Performing Large Scale Batch opperations on S3

OpEx Sec Rel Perf Cost Sus

You can use S3 Batch Operations to perform large-scale batch operations on Amazon S3 objects. S3 Batch Operations can perform a single operation on lists of Amazon S3 objects that you specify. A single job can perform a specified operation on billions of objects containing exabytes of data. Amazon S3 tracks progress, sends notifications, and stores a detailed completion report of all actions, providing a fully managed, auditable, and serverless experience. You can use S3 Batch Operations through the AWS Management Console, AWS CLI, Amazon SDKs, or REST API.

Use S3 Batch Operations to copy objects and set object tags or access control lists (ACLs). You can also initiate object restores from S3 Glacier Flexible Retrieval or invoke an AWS Lambda function to perform custom actions using your objects.
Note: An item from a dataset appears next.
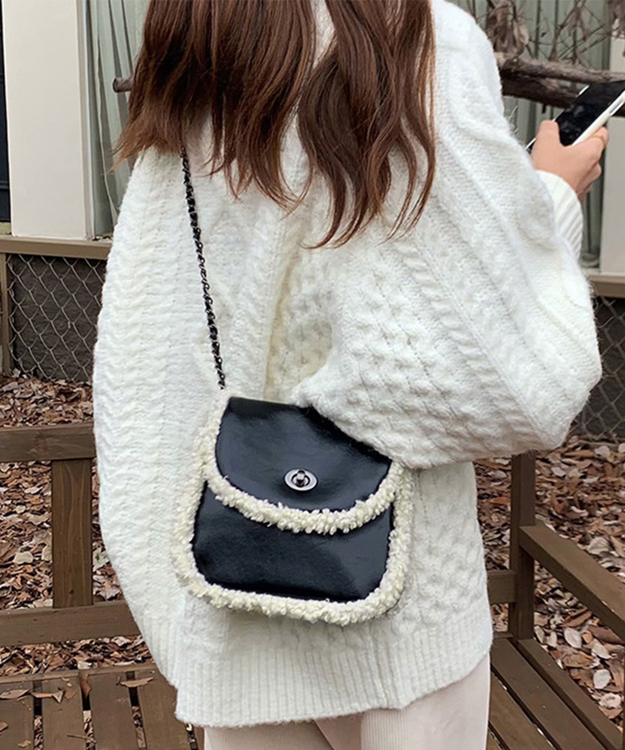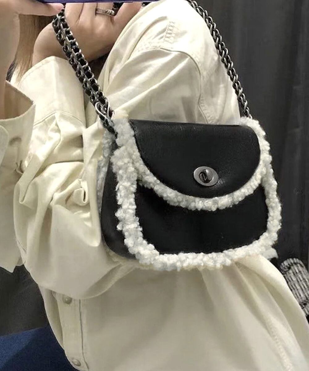 PUレザーショルダーバッグ レディース 斜めがけ 肩掛けバッグ 可愛い2wayバッグ 秋冬 小さめモコモコバッグ 韓国風

You can perform these operations on a custom list of objects, or you can use an Amazon S3 Inventory report to easily generate lists of objects. Amazon S3 Batch Operations use the same Amazon S3 APIs that you already use with Amazon S3, so you’ll find the interface familiar.
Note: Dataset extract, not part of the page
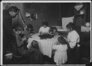 | Keywords: nara:arcid=523500 u.s. national archives usnationalarchives lewis hine lewishine blackandwhite monochrome photo border black and white Original Caption: Father hanging around the home while family works on feathers. Said, I not work. Got some sickness. Dunno what. Mother, Millie, 16, Jimmie 11, Mary 12, Camille 5 all work. They said, Camille can tie feathers, but she don't wanto. If all work we make $4, $5, or $6 a week. Dirty floor. Vermin abounded. Garbage standing uncovered near the work. New York City, December 1911 U.S. National Archives’ Local Identifier: 102-LH-2705 Photographer: Hine, Lewis Subjects: Child Labor National Child Labor Committee Working Conditions Factory Persistent URL: research.archives.gov/description/523500 Repository: Still Picture Records Section, Special Media Archives Services Division (NWCS-S), National Archives at College Park, 8601 Adelphi Road, College Park, MD, 20740-6001. For information about ordering reproductions of photographs held by the Still Picture Unit, visit: www.archives.gov/research/order/still-pictures.html Reproductions may be ordered via an independent vendor. NARA maintains a list of vendors at www.archives.gov/research/order/vendors-photos-maps-dc.html Access Restrictions: Unrestricted Use Restrictions: Unrestricted Original Caption: Father hanging around the home while family works on feathers. Said, I not work. Got some sickness. Dunno what. Mother, Millie, 16, Jimmie 11, Mary 12, Camille 5 all work. They said, Camille can tie feathers, but she don't wanto. If all work we make $4, $5, or $6 a week. Dirty floor. Vermin abounded. Garbage standing uncovered near the work. New York City, December 1911 U.S. National Archives’ Local Identifier: 102-LH-2705 Photographer: Hine, Lewis Subjects: Child Labor National Child Labor Committee Working Conditions Factory Persistent URL: research.archives.gov/description/523500 Repository: Still Picture Records Section, Special Media Archives Services Division (NWCS-S), National Archives at College Park, 8601 Adelphi Road, College Park, MD, 20740-6001. For information about ordering reproductions of photographs held by the Still Picture Unit, visit: www.archives.gov/research/order/still-pictures.html Reproductions may be ordered via an independent vendor. NARA maintains a list of vendors at www.archives.gov/research/order/vendors-photos-maps-dc.html Access Restrictions: Unrestricted Use Restrictions: Unrestricted |

S3 Batch Operations basics

You can use S3 Batch Operations to perform large-scale batch operations on Amazon S3 objects. S3 Batch Operations can run a single operation or action on lists of Amazon S3 objects that you specify.

Terminology

This section uses the terms jobs, operations, and tasks, which are defined as follows:

Job

A job is the basic unit of work for S3 Batch Operations. A job contains all of the information necessary to run the specified operation on the objects listed in the manifest. After you provide this information and request that the job begin, the job performs the operation for each object in the manifest.

Operation

The operation is the type of API action, such as copying objects, that you want the Batch Operations job to run. Each job performs a single type of operation across all objects that are specified in the manifest.

Task

A task is the unit of execution for a job. A task represents a single call to an Amazon S3 or AWS Lambda API operation to perform the job’s operation on a single object. Over the course of a job’s lifetime, S3 Batch Operations create one task for each object specified in the manifest.

How an S3 Batch Operations job works

A job is the basic unit of work for S3 Batch Operations. A job contains all of the information necessary to run the specified operation on a list of objects. To create a job, you give S3 Batch Operations a list of objects and specify the action to perform on those objects.

For information about the operations that S3 Batch Operations supports, see Operations supported by S3 Batch Operations.

A batch job performs a specified operation on every object that is included in its manifest. A manifest lists the objects that you want a batch job to process and it is stored as an object in a bucket. You can use a comma-separated values (CSV)-formatted Amazon S3 Inventory report as a manifest, which makes it easy to create large lists of objects located in a bucket. You can also specify a manifest in a simple CSV format that enables you to perform batch operations on a customized list of objects contained within a single bucket.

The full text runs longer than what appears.